# Caad9 SRAM Force Build



## EDUC8-or (Jan 2, 2009)

This bike started as a Caad9 5 a couple months back, I was going to upgrade the seatpost, saddle, stem, and bars first but found a deal on a SRAM Force group and set of '09 Ksyrium Elites I just couldn't pass up. I love the wheels and I actually like the saddle. The stock seatpost and stem will probably be the next to go, but I have diapers to buy and a wife with a shopping habit to support in the meantime.


----------



## 2cans (Aug 25, 2008)

man it looks great, its the exact build i wont to, but in a 54 cm . give me your hook up name lol . enjoy your ridin tom, oh one more thing white ritchey stem and white bar tape


----------



## Dutch77 (Jan 3, 2009)

EDUC8-or said:


> This bike started as a Caad9 5 a couple months back, I was going to upgrade the seatpost, saddle, stem, and bars first but found a deal on a SRAM Force group and set of '09 Ksyrium Elites I just couldn't pass up. I love the wheels and I actually like the saddle. The stock seatpost and stem will probably be the next to go, but I have diapers to buy and a wife with a shopping habit to support in the meantime.


Looks awesome! I've tried the Elite's on a Caad9, definitely great wheels.

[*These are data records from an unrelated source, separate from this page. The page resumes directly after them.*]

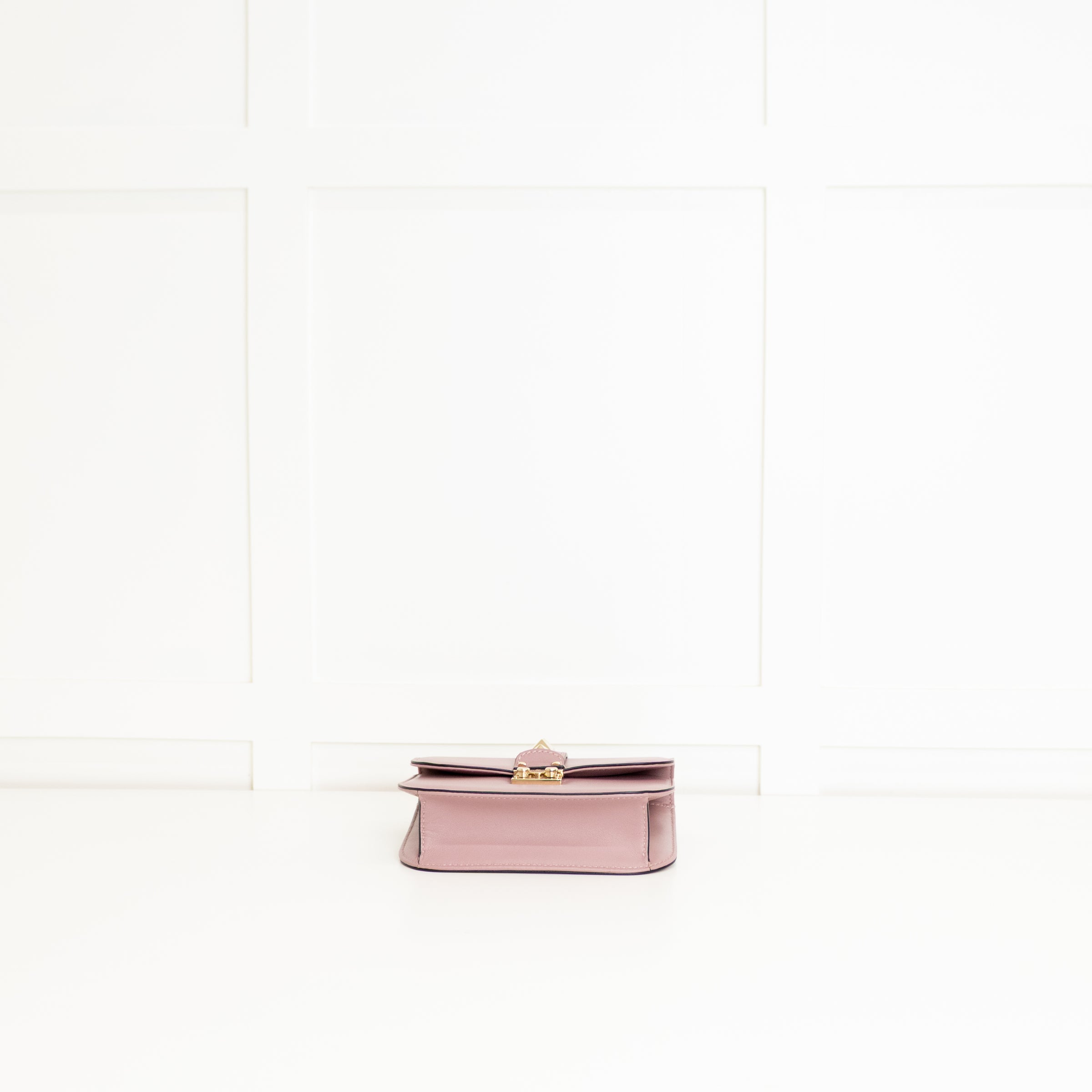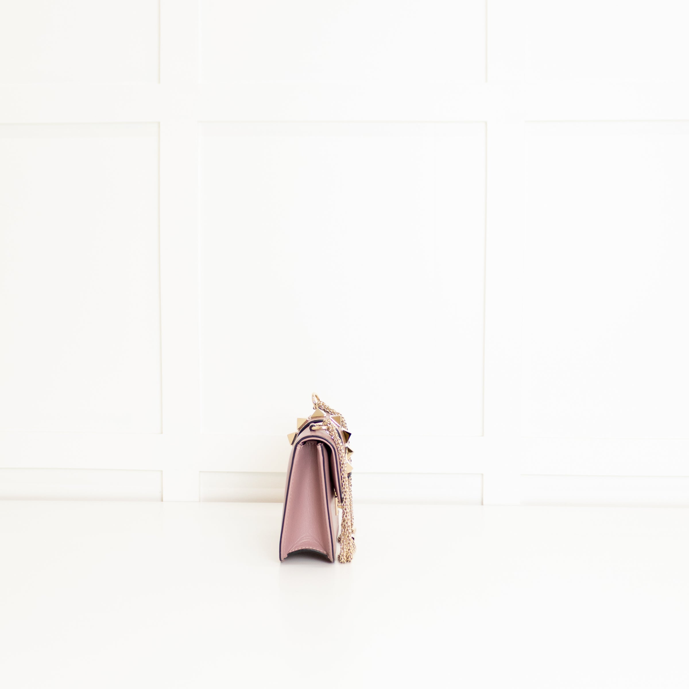 Valentino pink smooth leather small Rockstud bag with gold-tone metal hardware, a chain strap which can be worn doubled up as a shoulder strap, or long. Embellished with the house's iconic large square Rockstud studs. Finished with a small front flap closure, push lock, and opens onto one main interior compartment with small internal pockets. With the original dust bag.
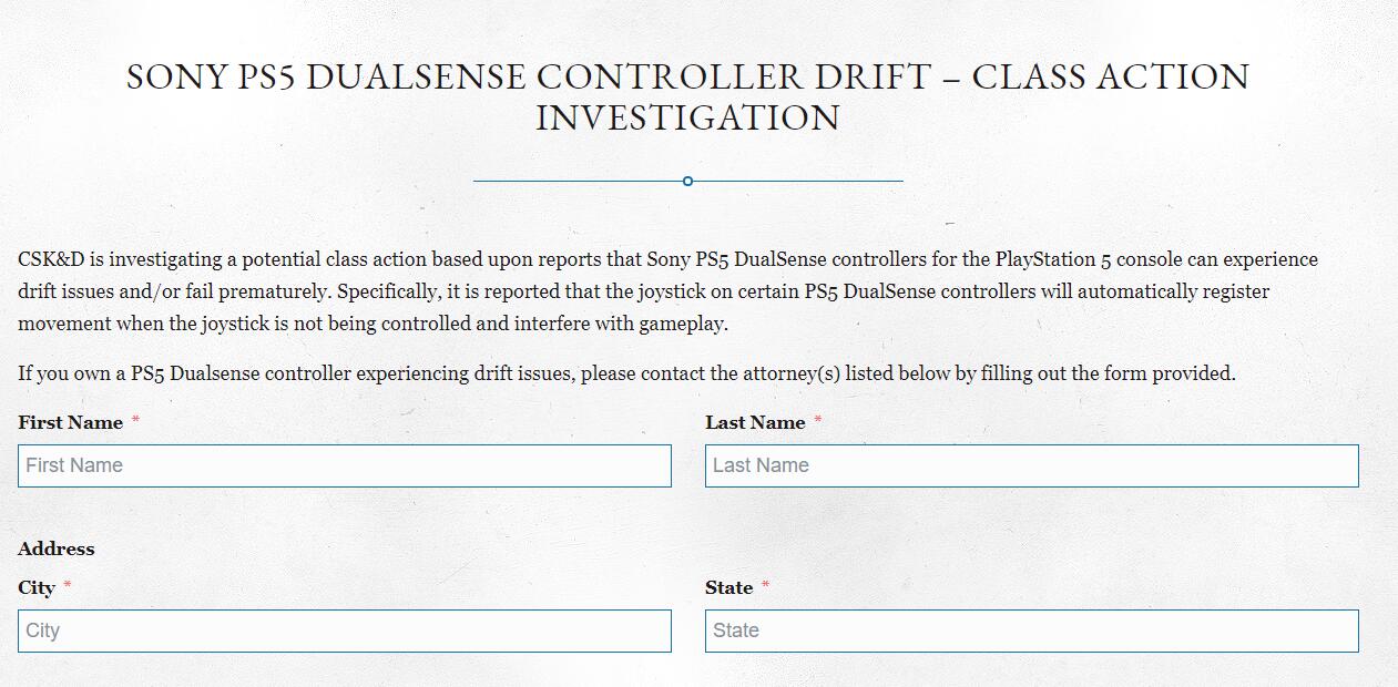 据IGN的消息,总部位于美国的律师事务所Chimicles Schwartz Kriner&Donaldson-SmithLLP(CSK&D)已经在其网站上发起了一项针对PS5手柄漂移问题的问卷调查,允许PS5拥有者反馈漂移实例。该页面显示:“CSK&D正在调查一项潜在的集体诉讼,据报道,索尼PS5主机的Dualsense手柄可能会出现漂移/过早损坏问题。”
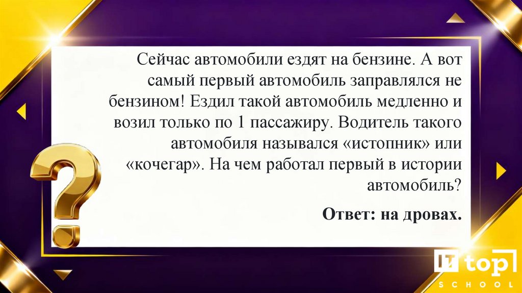 Сейчас автомобили ездят на бензине. А вотсамый первый автомобиль заправлялся не
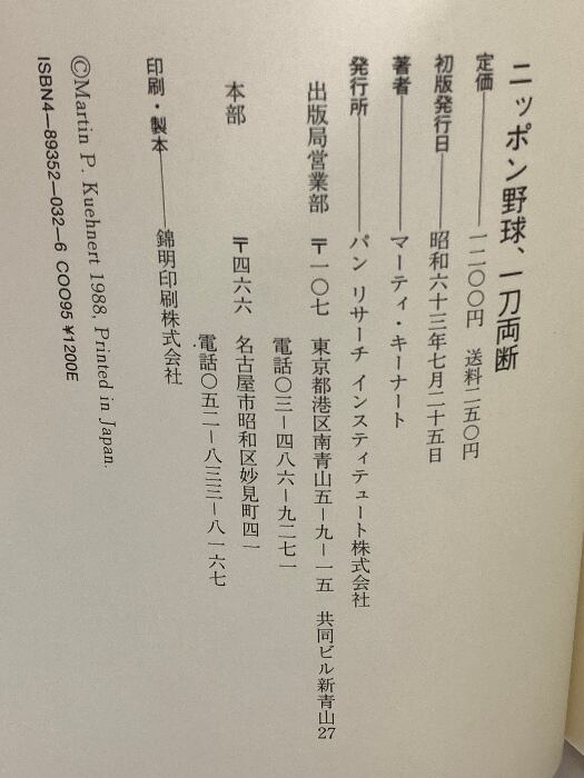 タイトル:ニッポン野球、一刀両断 外人選手170人の証言 石田パンリサーチ出版局 マーティ キーナート
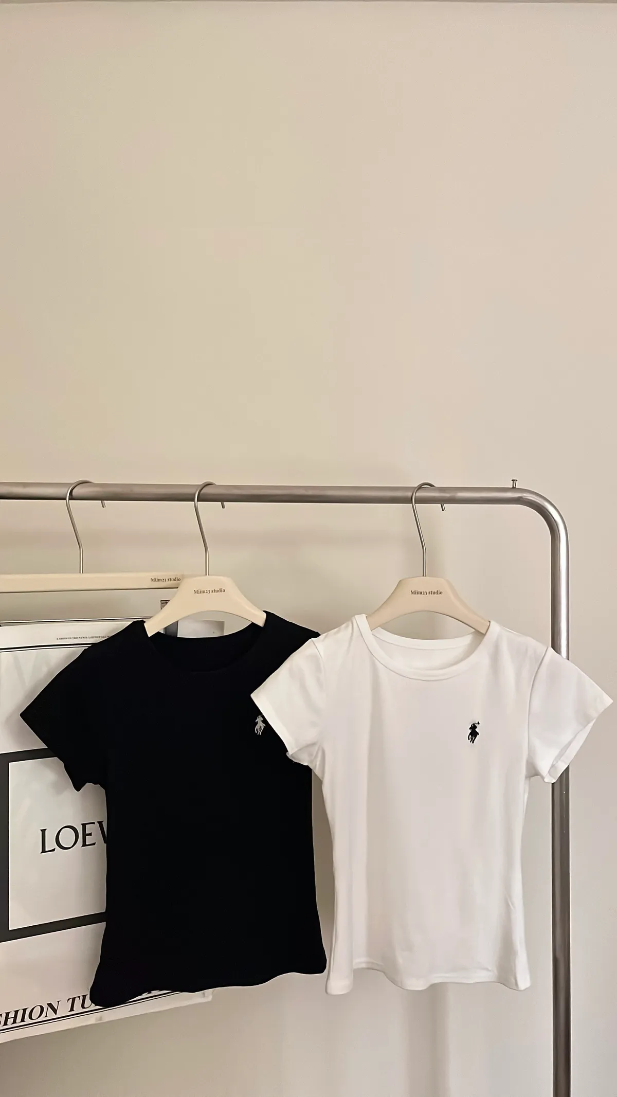 極簡高級感|小刺繡修身彈力棉TEE 🐎
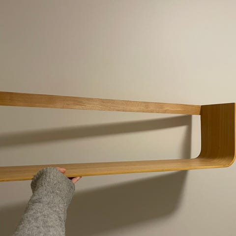 Furu hylle fra IKEA, trofast. Malt i en dus rosa farge.
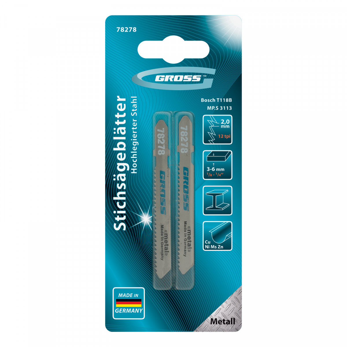Полотна по металлу 3113-T118B Gross 78278, 2 шт. в упаковке, — сменные режущие элементы, подходящие для большинства современных электролобзиков. Производят прямой рез металлических, стальных заготовок, листового железа, изделий из стеклопластика, текстолита и прочих композитных материалов толщиной 3-6 мм. Предназначены для профессионального применения во время ремонтных и строительных работ.
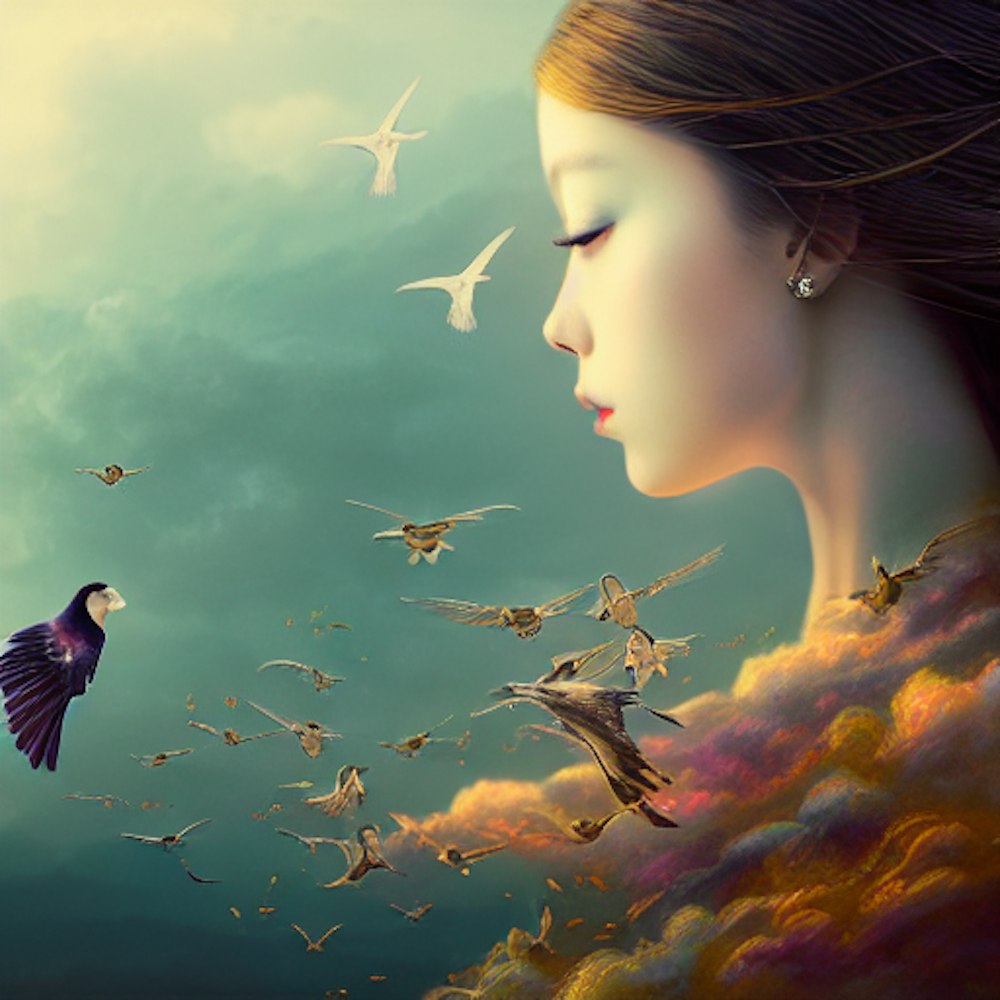 girl fly with birds, by  Pablo Amaringo, Miho Hirano,ornate, dynamic, particulate, rich colors, elegant, smooth, sharp focus, octane render, amazing depth panoramic, dreamlike, ethereal fantasy , 8k resolution concept, dynamic lighting intricately detailed triadic colors volumetric lighting
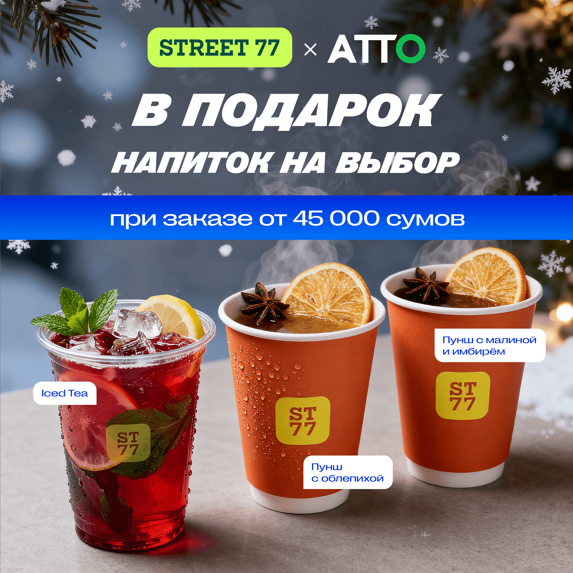 Пользователи приложения ATTO получают в подарок напиток на выбор из трёх предложенных вариантов — при заказе любых позиций в филиалах Street 77 на сумму от 45 000 сумов. Для получения напитка в подарок необходимо показать открытое приложение ATTO на кассе филиала Street 77.
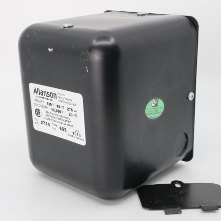 Allanson Transformers 120Vac Supply Voltage, 12,000Vac Secondary Voltage, Mid Point Ground, Industrial Transformer with Rajah Connector HV Terminal, Internal Junction Box, and 1/4-20 x 1″ Mounting Studs (Power Flame Burners)
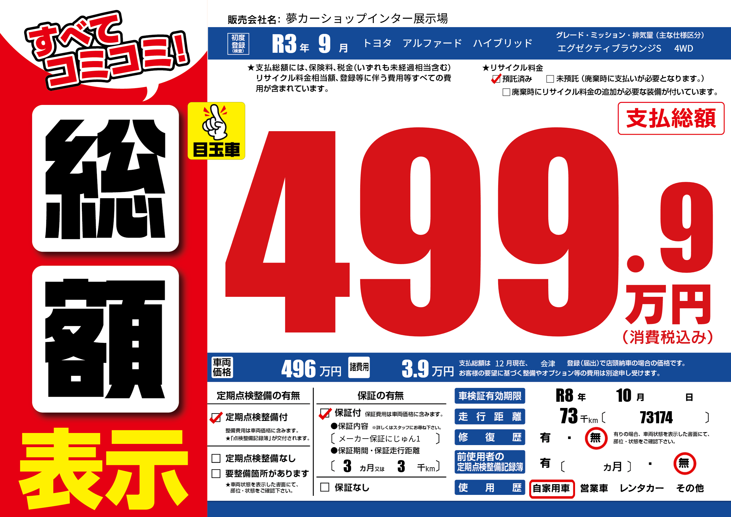 | 車名 | トヨタ アルファード ハイブリッド | グレード ミッション 排気量 |
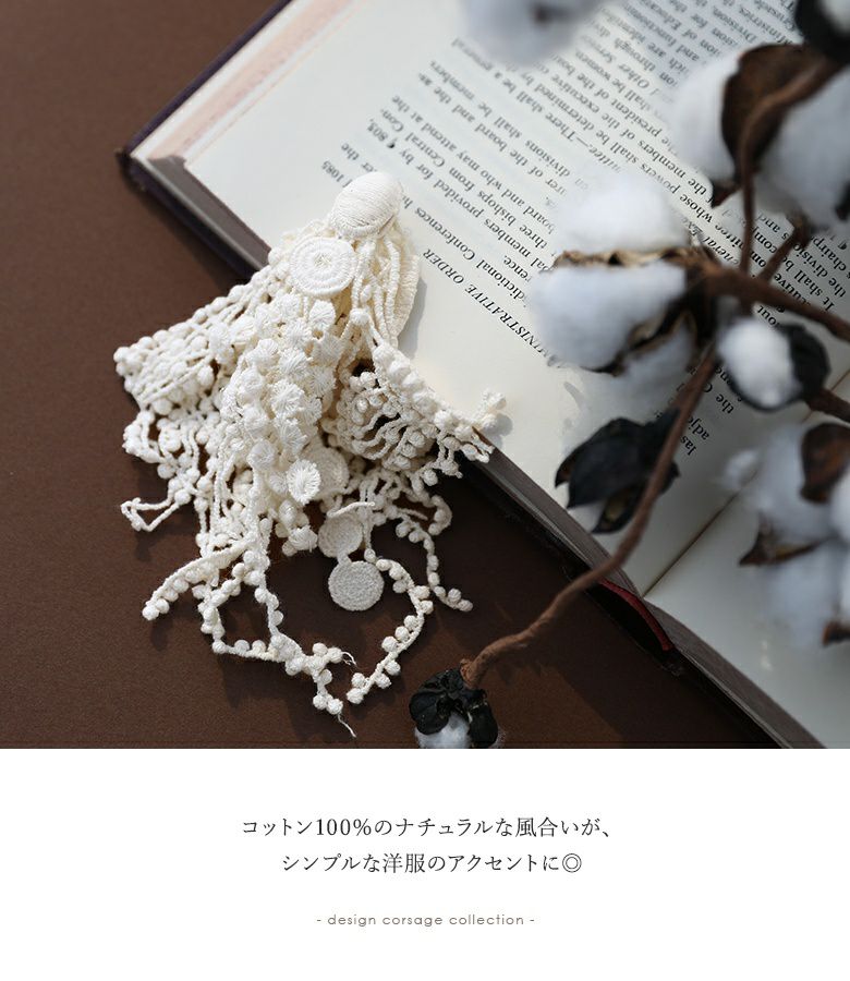 コットン100%のレースデザインブローチ。

I know you put in quite a bit of miles, I'm surprised you kept the saddle (although it does look pretty cool). I took that saddle right off and replaced it with an Aliante, let me know if you want mine as a back up.

Not sure about the red tape though, maybe red tape on a white bar?  I'm using white Deda cork.

I'll probably upgrade the seatpost to a Thomson, bar+stem, (something white for the bling). Sram group next year - still loving the Force group after putting more miles on it?


----------



## EDUC8-or (Jan 2, 2009)

The red tape was just laying around my LBS so I threw it on, is it hard to keep your white tape clean? As far as the saddle is concerned, I've had no problems with it yet and I've been averaging about 150 miles a week. I love the SRAM group, I like the double tap and the feel of the levers in my hands. The paddles will also extend back into my hands when I'm riding in the drops for easier shifting. I'll definitely be putting on a white stem and post when the bank account permits.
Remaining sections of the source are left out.